[[ Input open ]]

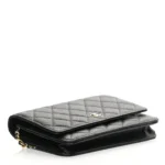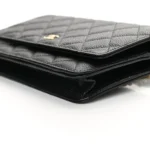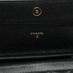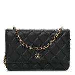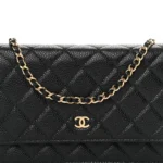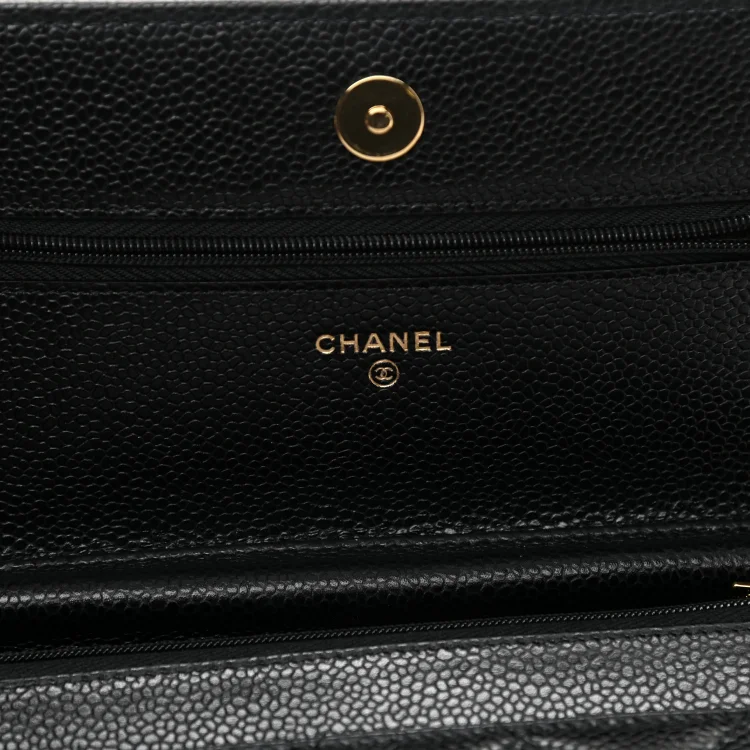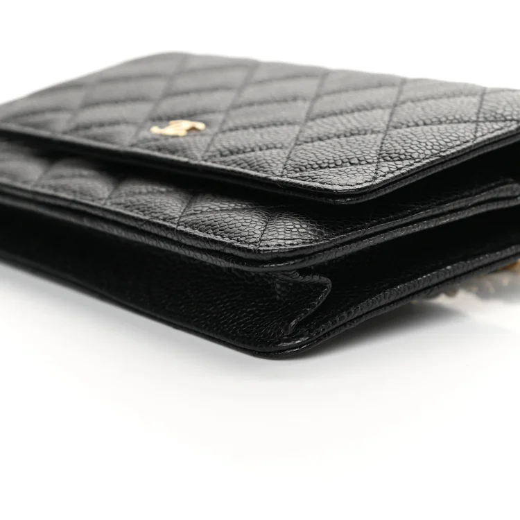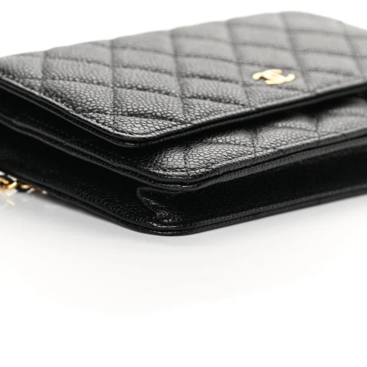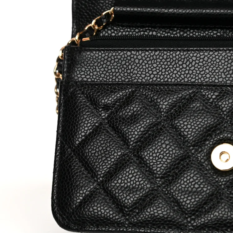 This is an authentic CC Caviar Quilted Wallet On Chain WOC in Black. This stylish shoulder bag is crafted of diamond quilted caviar calfskin leather in black. It features a leather threaded polished gold chain shoulder strap and a textured gold CC logo. The front flap opens to a burgundy fabric and leather interior with card slots. pockets. and a zipper compartment.
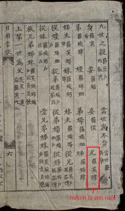 Huynh là anh ruột (trích Nhật dụng thường đàm của Phạm Đình Hổ)
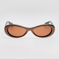 Crafted in metallic brown acetate, the Nuvola sunglasses offer a soft oval silhouette , brown nylon lenses offer 100% UV protection. Designed with sculpted nose pads for comfort, the temples are finished with subtle gold detailing. Details -Country of origin: Japan -100% UV protected lenses -Acetate frame with acetate temples -sku:JAC135C3SUN Size & Fit 63mm lens width 12mm bridge width 135mm temple length
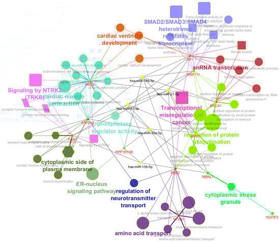 4.4. miRNA DE Heatmap, Biological Interaction Networks and Function Analyses
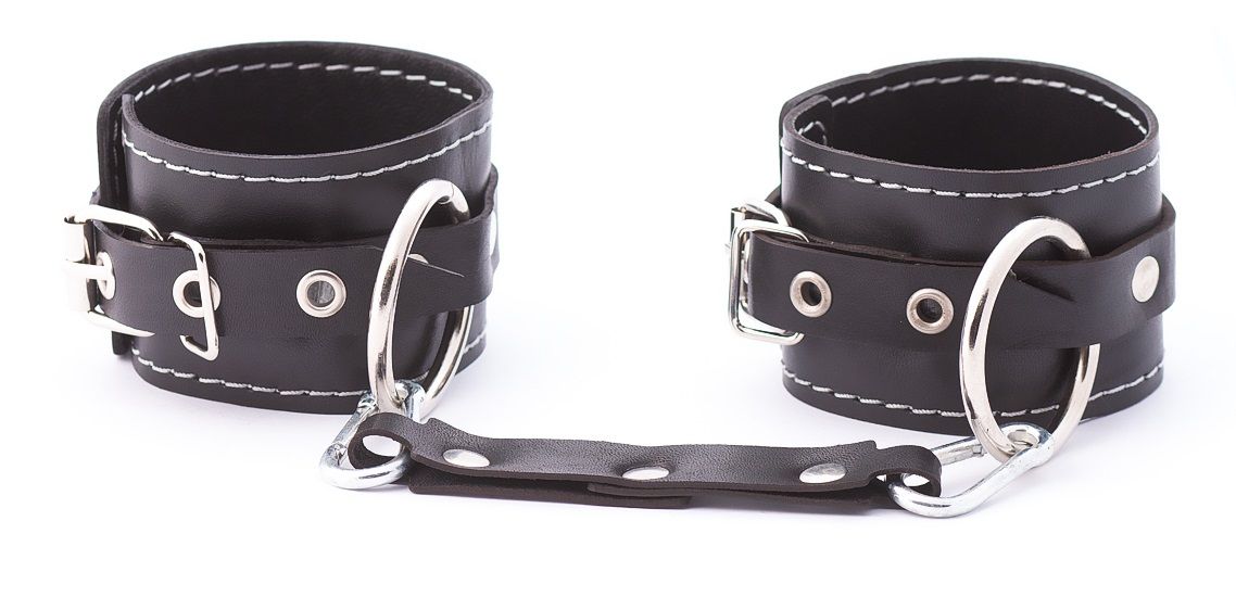 Кожаные двухслойные оковы с регулируемыми ремешками. Оковы имеют кольца для крепления и кожаную сцепку. Ширина манжет - 5,5 см. Длина манжет - 25 см.
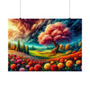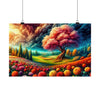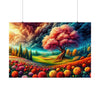 Crafted with exquisite attention to detail, the 'Twilight's Enchanted Canopy' poster is printed on high-quality material, ensuring that each element, from the textured sky to the soft, atmospheric lighting of the landscape, is vivid and lifelike. The panoramic view offers a window into an idyllic pastoral scene that is both calming and invigorating to the spirit.
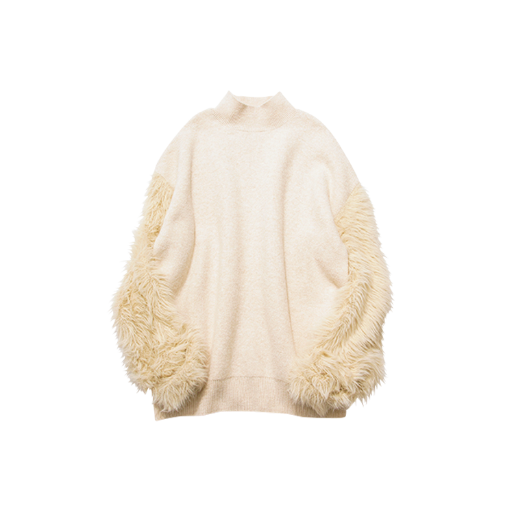そで部分は、ファーくらいモフモフなシャギーニット。萌えそでにしたときの手元が可愛すぎ♡
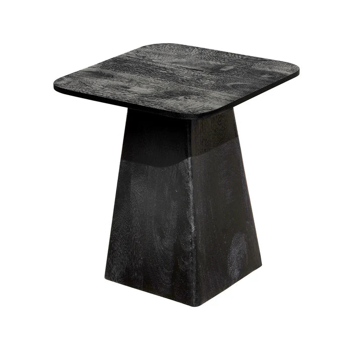 The Noch Tables Collection is bold in color and shape. Finished in a rich dark brown, the Noch Side Table is crafted from long-lasting mango hardwood. The 16-inch square tabletop has rounded edges and sits atop a central, cow-bell-shaped base. The geometrically inspired piece captivates with its simple juxtaposition.
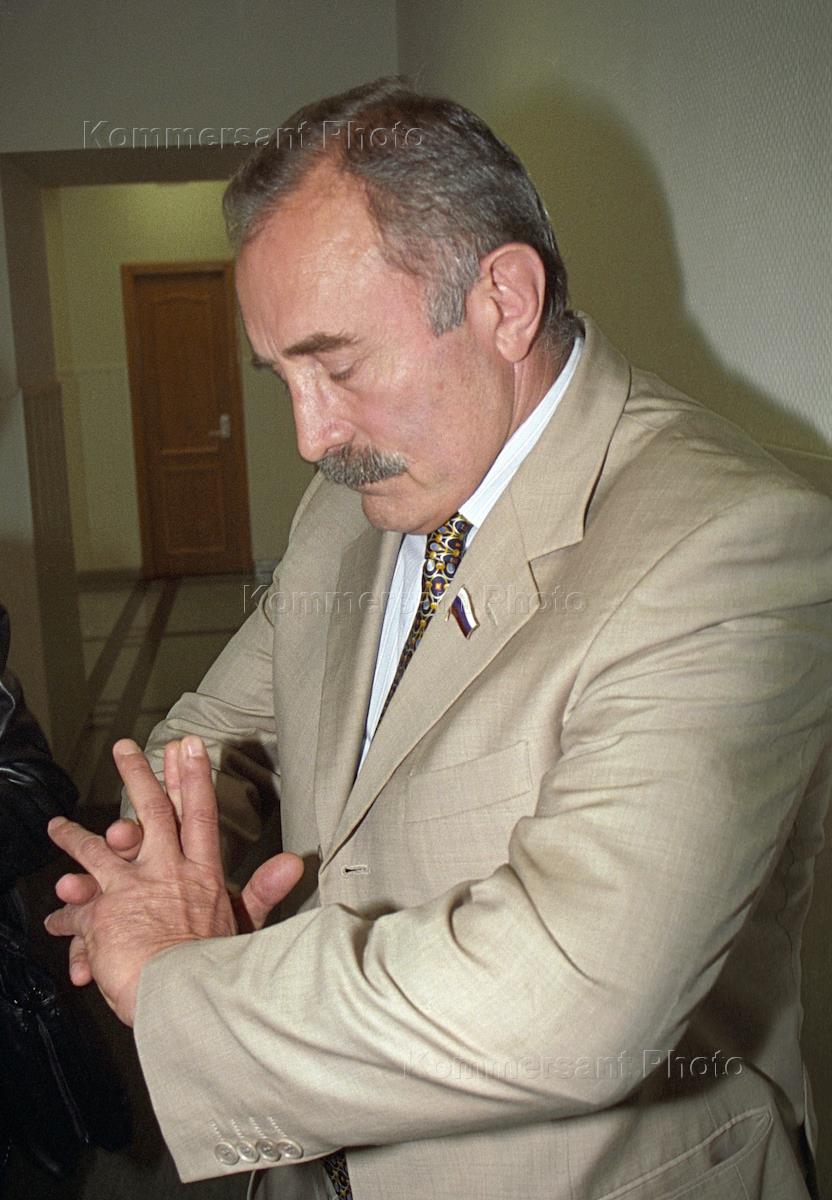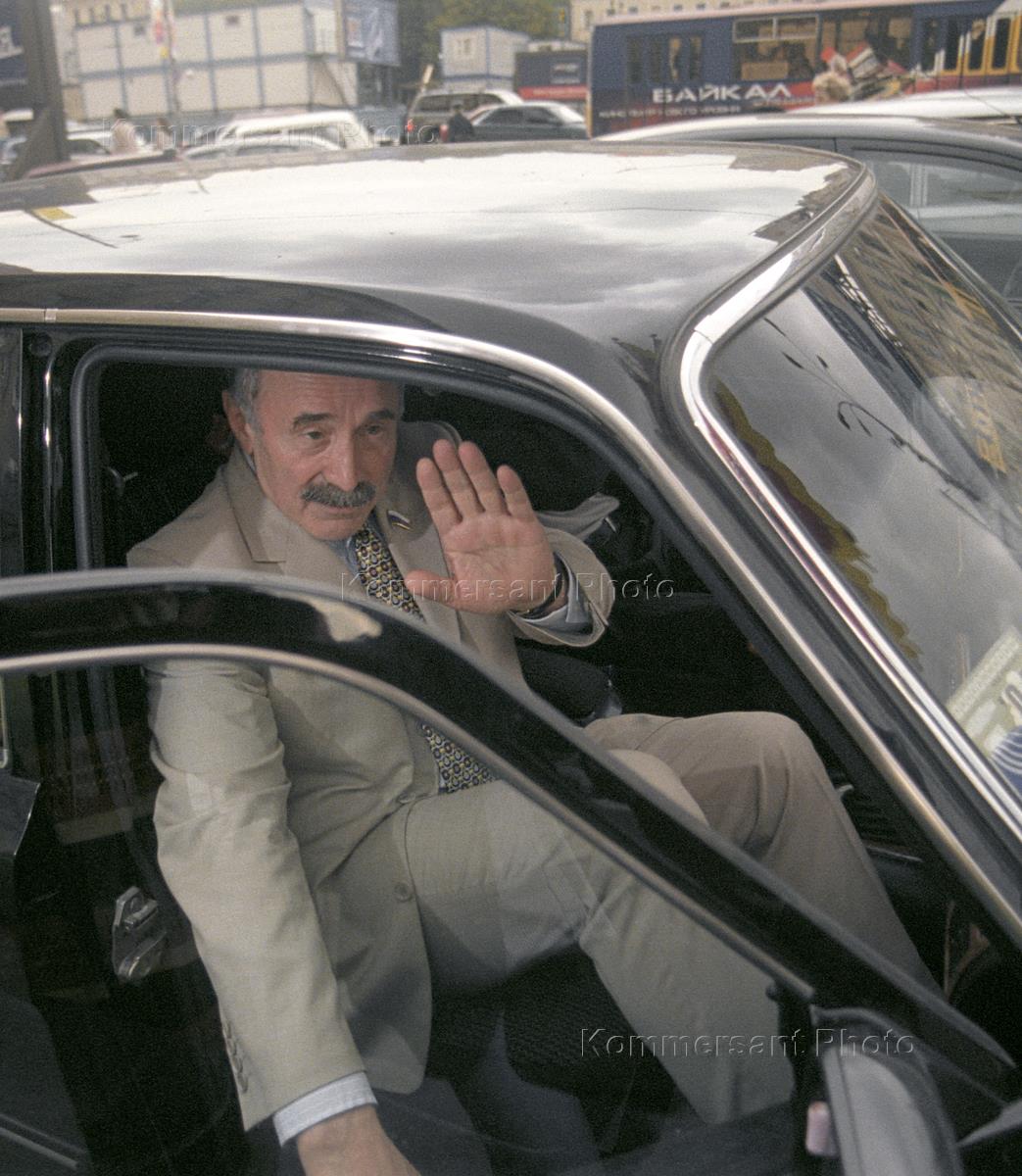 Кандидат в президенты Чеченской республики, депутат Государственной Думы России Асламбек Аслаханов в автомобиле после пресс-конференции на тему "Ход избирательной кампании по выборам 5 октября президента Чеченской республики". Пресс-конференция состоялась в агентстве "Интерфакс".
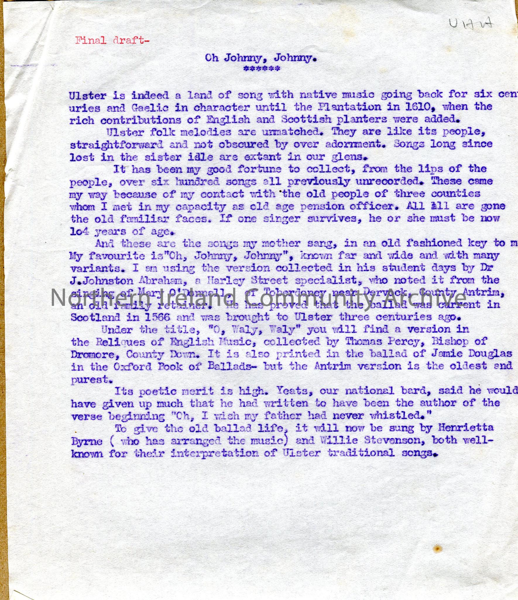 Short typed script - 'Oh Johnny, Johnny'. General short history of Ulster folk melodies, dealing with Scottish influence, general song origin. In relation to Oh Johnny Johnny, mentions J J Abraham, who got it from Mary O'Donnell, family retainer from Toberdoney near Dervock. Notes 'Final Draft'. UHH handwritten in pencil top right corner.
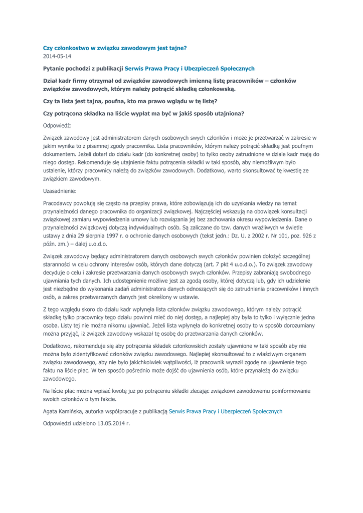 Czy członkostwo w związku zawodowym jest tajne? 2014-05-14 Pytanie pochodzi z publikacji Serwis Prawa Pracy i Ubezpieczeń Społecznych Dział kadr firmy otrzymał od związków zawodowych imienną listę pracowników – członków związków zawodowych, którym należy potrącić składkę członkowską. Czy ta lista jest tajna, poufna, kto ma prawo wglądu w tę listę? Czy potrącona składka na liście wypłat ma być w jakiś sposób utajniona? Odpowiedź: Związek zawodowy jest administratorem danych osobowych swych członków i może je przetwarzać w zakresie w jakim wynika to z pisemnej zgody pracownika. Lista pracowników, którym należy potrącić składkę jest poufnym dokumentem. Jeżeli dotarł do działu kadr (do konkretnej osoby) to tylko osoby zatrudnione w dziale kadr mają do niego dostęp. Rekomenduje się utajnienie faktu potrącenia składki w taki sposób, aby niemożliwym było ustalenie, którzy pracownicy należą do związków zawodowych. Dodatkowo, warto skonsultować tę kwestię ze związkiem zawodowym. Uzasadnienie: Pracodawcy powołują się często na przepisy prawa, które zobowiązują ich do uzyskania wiedzy na temat przynależności danego pracownika do organizacji związkowej. Najczęściej wskazują na obowiązek konsultacji związkowej zamiaru wypowiedzenia umowy lub rozwiązania jej bez zachowania okresu wypowiedzenia. Dane o przynależności związkowej dotyczą indywidualnych osób. Są zaliczane do tzw. danych wrażliwych w świetle ustawy z dnia 29 sierpnia 1997 r. o ochronie danych osobowych (tekst jedn.: Dz. U. z 2002 r. Nr 101, poz. 926 z późn. zm.) – dalej u.o.d.o. Związek zawodowy będący administratorem danych osobowych swych członków powinien dołożyć szczególnej staranności w celu ochrony interesów osób, których dane dotyczą (art. 7 pkt 4 u.o.d.o.). To związek zawodowy decyduje o celu i zakresie przetwarzania danych osobowych swych członków. Przepisy zabraniają swobodnego ujawniania tych danych. Ich udostępnienie możliwe jest za zgodą osoby, której dotyczą lub, gdy ich udzielenie jest niezbędne do wykonania zadań administratora danych odnoszących się do zatrudnienia pracowników i innych osób, a zakres przetwarzanych danych jest określony w ustawie. Z tego względu skoro do działu kadr wpłynęła lista członków związku zawodowego, którym należy potrącić składkę tylko pracownicy tego działu powinni mieć do niej dostęp, a najlepiej aby była to tylko i wyłącznie jedna osoba. Listy tej nie można nikomu ujawniać. Jeżeli lista wpłynęła do konkretnej osoby to w sposób dorozumiany można przyjąć, iż związek zawodowy wskazał tę osobę do przetwarzania danych członków. Dodatkowo, rekomenduje się aby potrącenia składek członkowskich zostały ujawnione w taki sposób aby nie można było zidentyfikować członków związku zawodowego. Najlepiej skonsultować to z właściwym organem związku zawodowego, aby nie było jakichkolwiek wątpliwości, iż pracownik wyraził zgodę na ujawnienie tego faktu na liście płac. W ten sposób pośrednio może dojść do ujawnienia osób, które przynależą do związku zawodowego. Na liście płac można wpisać kwotę już po potrąceniu składki zlecając związkowi zawodowemu poinformowanie swoich członków o tym fakcie. Agata Kamińska, autorka współpracuje z publikacją Serwis Prawa Pracy i Ubezpieczeń Społecznych Odpowiedzi udzielono 13.05.2014 r.
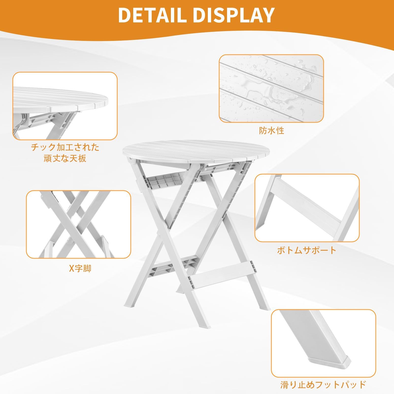 BOOSDEN ガーデンテーブル 3点セット アウトドア 折りたたみ 椅子テーブルセット ベランダ バルコニー 椅子セット 室内/屋外 庭 イベント 白色
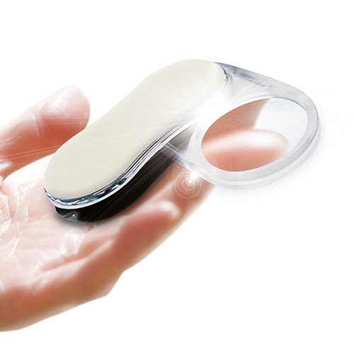 - ●回転すると点灯するスウィングルーペ。●倍率/3.5倍●寸法/W43×D12×H80mm●材質/本体:ABS樹脂製、レンズ:アクリル樹脂製●重量/38g●電池/CR2016×2個(付属)●LED高輝度ライト1灯

[[ Input closed ]]

• What is needed
Only one stretch of the data is wanted: write out exactly the lines from the one holding "The Noch Tables" through the one holding "Short typed script", both included, without the pictures.

• Answer space
 The Noch Tables Collection is bold in color and shape. Finished in a rich dark brown, the Noch Side Table is crafted from long-lasting mango hardwood. The 16-inch square tabletop has rounded edges and sits atop a central, cow-bell-shaped base. The geometrically inspired piece captivates with its simple juxtaposition.
 Кандидат в президенты Чеченской республики, депутат Государственной Думы России Асламбек Аслаханов в автомобиле после пресс-конференции на тему "Ход избирательной кампании по выборам 5 октября президента Чеченской республики". Пресс-конференция состоялась в агентстве "Интерфакс".
 Short typed script - 'Oh Johnny, Johnny'. General short history of Ulster folk melodies, dealing with Scottish influence, general song origin. In relation to Oh Johnny Johnny, mentions J J Abraham, who got it from Mary O'Donnell, family retainer from Toberdoney near Dervock. Notes 'Final Draft'. UHH handwritten in pencil top right corner.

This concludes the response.